In Brazil, the Civilian Police () is the name of the investigative state police forces.

The Civilian Police are agencies of the public administration of the states and of the Federal District of Brazil, whose function is, in accordance with article 144 of the Federal Constitution of 1988, the exercise of the public security for the preservation of the public order, of the safety of the people and the patrimony.

Each of the states and the Federal District has its own "Civilian Police Department", which carries out detective work, forensics and criminal investigation, acting as a state bureau of investigation, while the "Military Police" carries out preventive police duties.

It aims at the exercise of functions of judiciary police and the exercise of activities of administrative and security police, which are indispensable to the preservation of the juridical order, to the (promotion of the) harmonic life of the community, and to guarantee citizens' rights and liberty.

Description

The Civilian Police of Brazil had origin in the General Intendancy of Police, created in Rio de Janeiro in 1808. 

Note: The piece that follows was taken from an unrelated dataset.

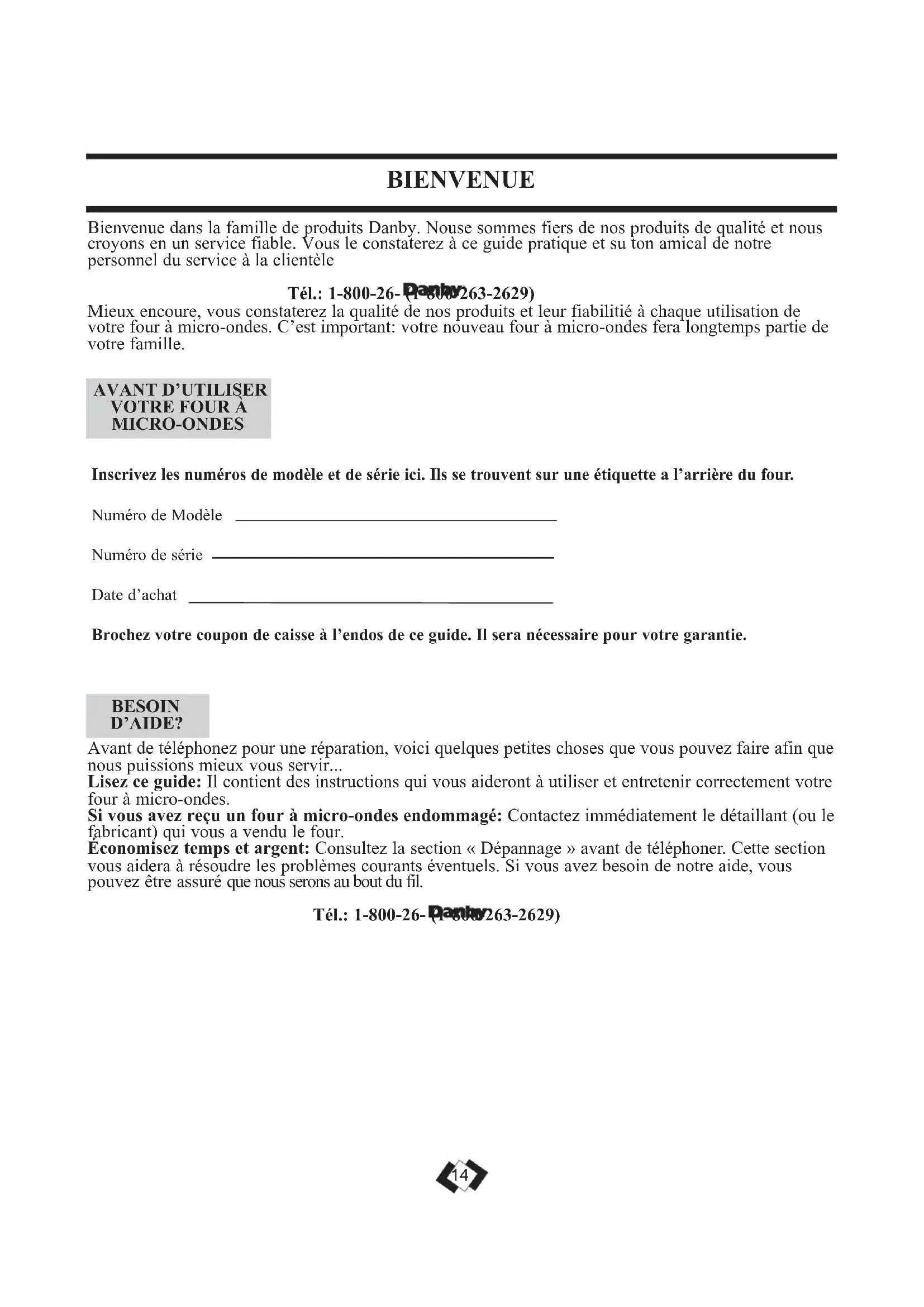 abrasive soaps or detergents applied with a sponge or soft cloth. 12Inscrivez les numéros de modèle et de série ici. Ils se trouvent sur une étiquette a l’arrière du four. Numéro de Modèle Numéro de série Date d’achat Brochez votre coupon de caisse à l’endos de ce guide. Il sera nécessaire pour votre garantie. BIENVENUE Bienvenue dans la famille de produits Danby. Nouse sommes fiers de nos produits de qualité et nous croyons en un service fiable. Vous le constaterez à ce guide pratique et su ton amical de notre personnel du service à la clientèle Tél.: 1-800-26- (1-800-263-2629) Mieux encoure, vous constaterez la qualité de nos produits et leur fiabilitié à chaque utilisation de votre four à micro-ondes. C’est important: votre nouveau four à micro-ondes fera longtemps partie de votre famille.

With the transference of the Portuguese Royal Family to Brazil in 1808, the police started to be regulated, have structure and important social role.
 
The Police General Intendancy of the Court and the State of Brazil (Intendência Geral de Polícia da Corte e do Estado do Brasil, in Portuguese) was created by charter of D. João VI on May 10 of that year, centralizing the police attributes of competence belonging to several authorities  such as Ouvidor Geral, the alcaydes, the quadrilheiros and the road and assaults captains.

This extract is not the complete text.